Return the records exactly as they appear below, omitting the pictures.

++++++++++++++++++++

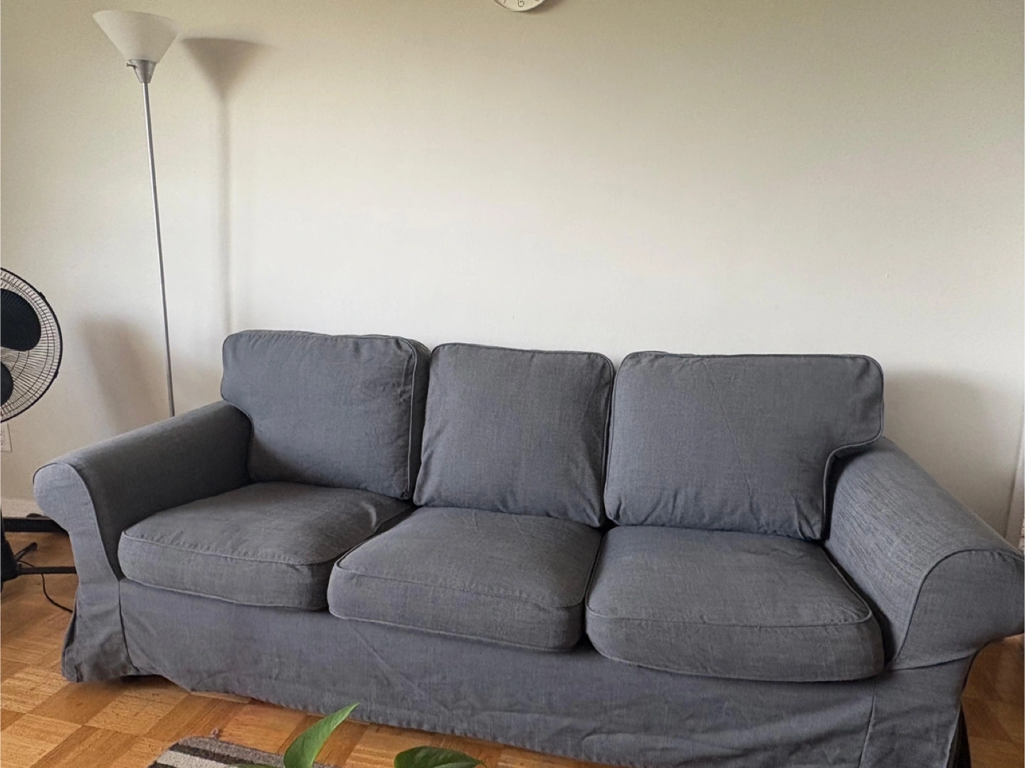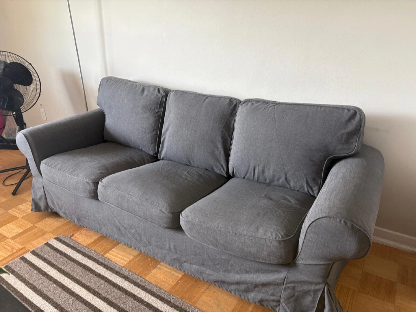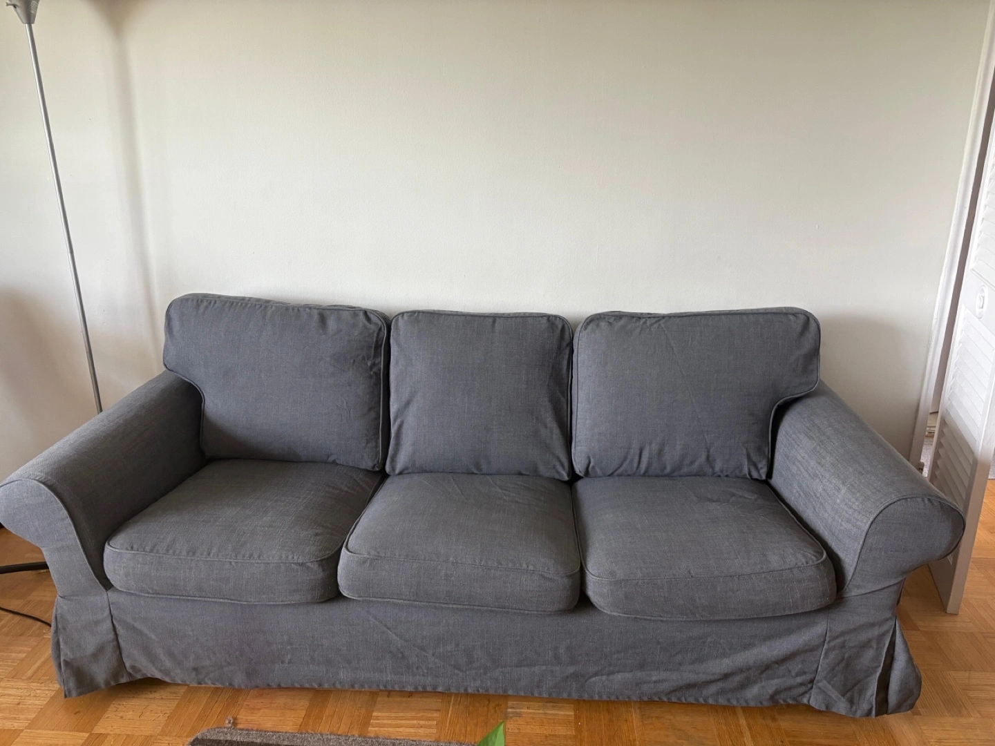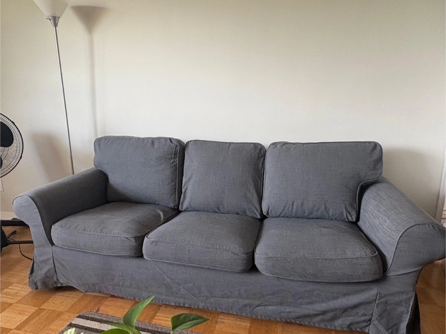 Selling a used IKEA Ektorp 3-seat sofa. It's in good condition and ready for a new home! This sofa is known for its comfortable seating and classic design. Perfect for any living room or family space. Selling because we are moving out.
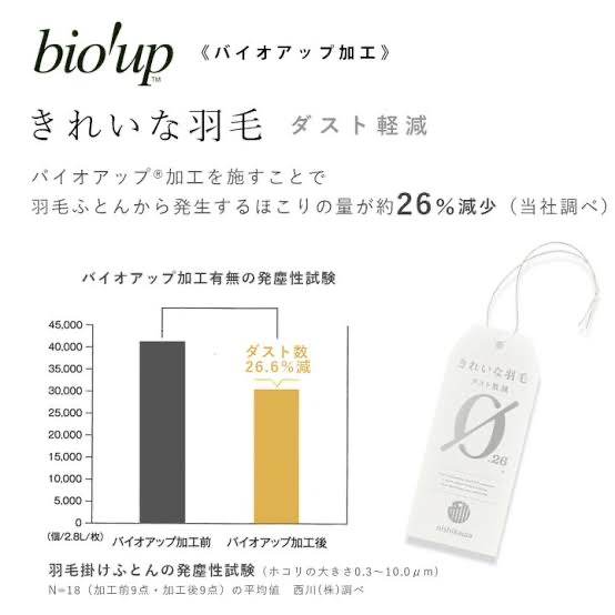 良質なフランス産ホワイトダックのダウン93%、フェザー7%使用。
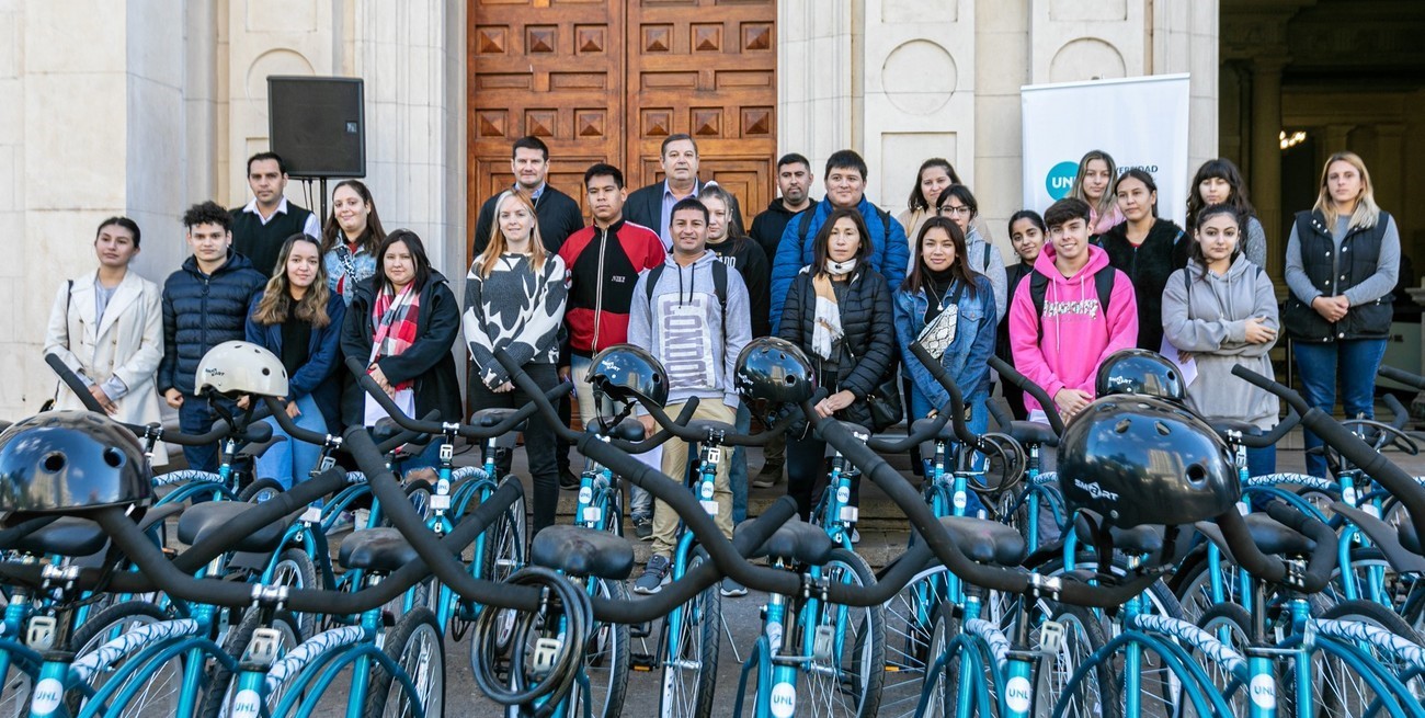 Se realizó un acto de entrega de 20 bicicletas a estudiantes de la UNL que solicitaron esa beca en la convocatoria 2024 impulsada por la Secretaría de Bienestar Universitario. El acto se realizó en la explanada de Rectorado de la UNL y fue encabezado por el rector Enrique Mammarella, el secretario de Bienestar Universitario Cristian Vázquez y autoridades de la Federación Universitaria del Litoral.
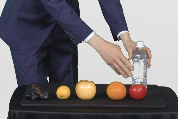 フルーツを並べて置き、「液体を使った予言マジックです」などと観客(相手)に声をかけ、ペットボトルは端に置いておきます。
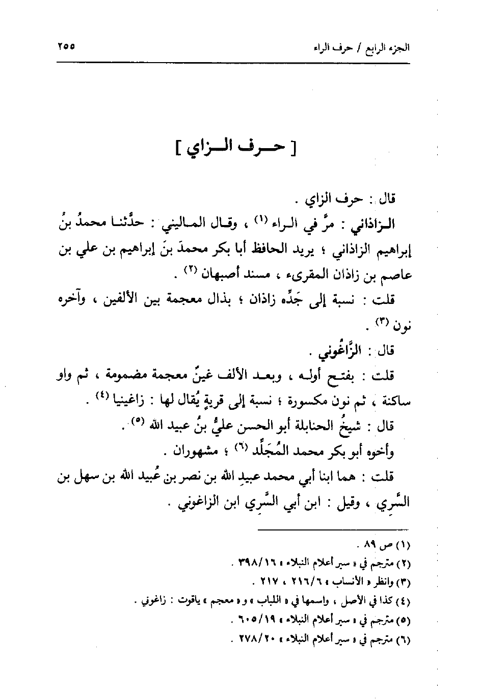 قلت: نسية إِلَى جده زَاذَان؛ بذال مُعْجمَة بَين الْأَلفَيْنِ، وَآخره نون.
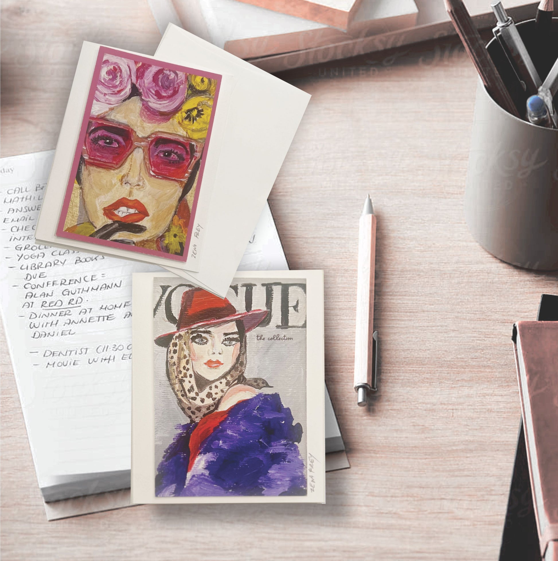 Giclee print hand cut on each card for added dimension. Each card comes with matching envelope and acetate sleeve for gifting and for added care.
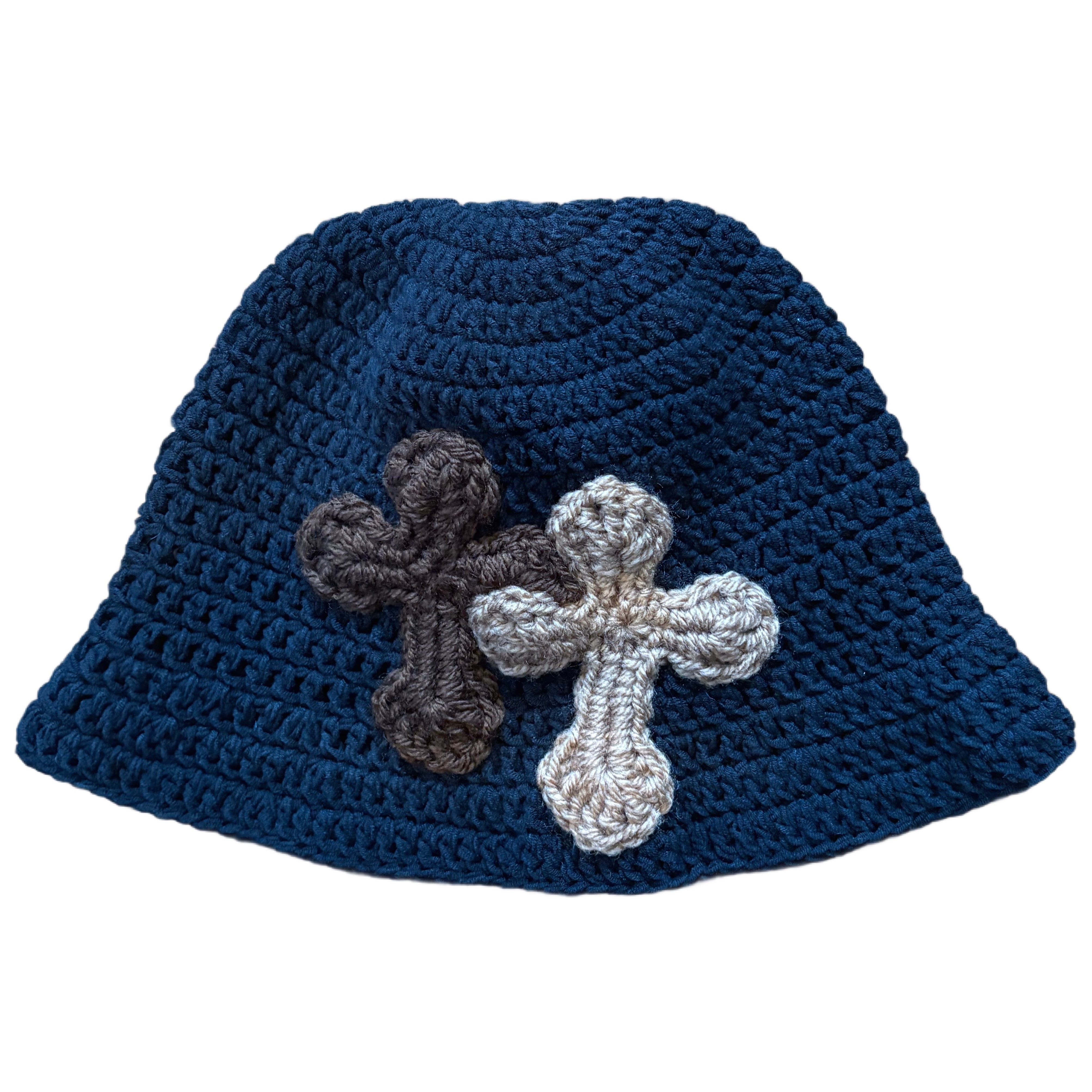 "Y.A.R.N. Collection" 3D double Cross Handmade Knit hat (unisex) BLACK
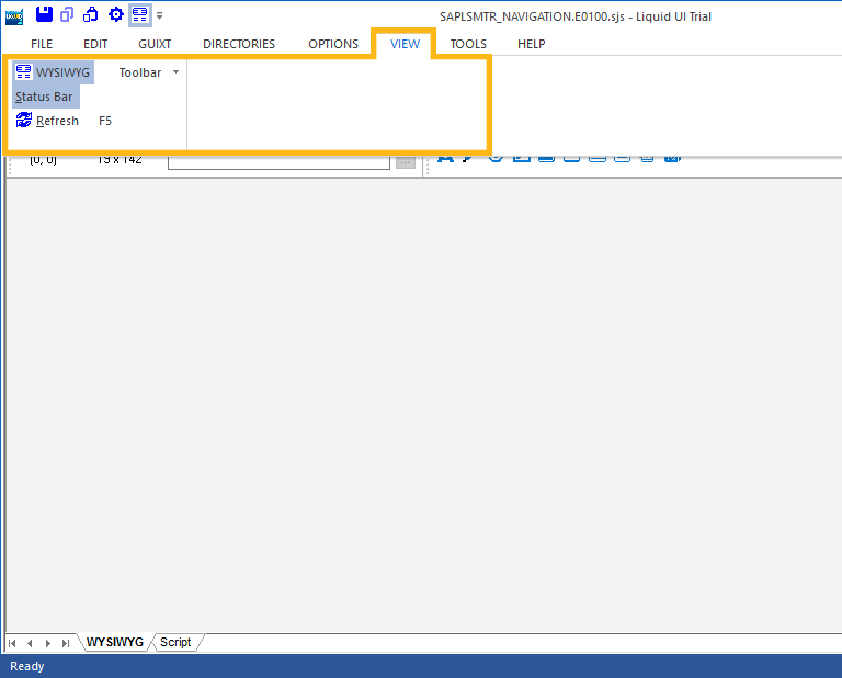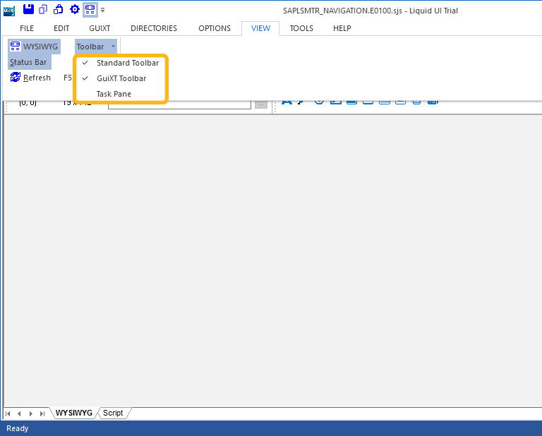 In the View Menu shown below, users can toggle between the WYSIWYG and script editors, turn the toolbars on and off, toggle the status bar on and off, and refresh the Designer with a new SAP screen. You can also refresh the Designer screen and show or hide the Status bar from the View menu. The View menu appears as shown below.

++++++++++++++++++++

=== FINISHED EXERCISE ===
 Selling a used IKEA Ektorp 3-seat sofa. It's in good condition and ready for a new home! This sofa is known for its comfortable seating and classic design. Perfect for any living room or family space. Selling because we are moving out.
 良質なフランス産ホワイトダックのダウン93%、フェザー7%使用。
 Se realizó un acto de entrega de 20 bicicletas a estudiantes de la UNL que solicitaron esa beca en la convocatoria 2024 impulsada por la Secretaría de Bienestar Universitario. El acto se realizó en la explanada de Rectorado de la UNL y fue encabezado por el rector Enrique Mammarella, el secretario de Bienestar Universitario Cristian Vázquez y autoridades de la Federación Universitaria del Litoral.
 フルーツを並べて置き、「液体を使った予言マジックです」などと観客(相手)に声をかけ、ペットボトルは端に置いておきます。
 قلت: نسية إِلَى جده زَاذَان؛ بذال مُعْجمَة بَين الْأَلفَيْنِ، وَآخره نون.
 Giclee print hand cut on each card for added dimension. Each card comes with matching envelope and acetate sleeve for gifting and for added care.
 "Y.A.R.N. Collection" 3D double Cross Handmade Knit hat (unisex) BLACK
 In the View Menu shown below, users can toggle between the WYSIWYG and script editors, turn the toolbars on and off, toggle the status bar on and off, and refresh the Designer with a new SAP screen. You can also refresh the Designer screen and show or hide the Status bar from the View menu. The View menu appears as shown below.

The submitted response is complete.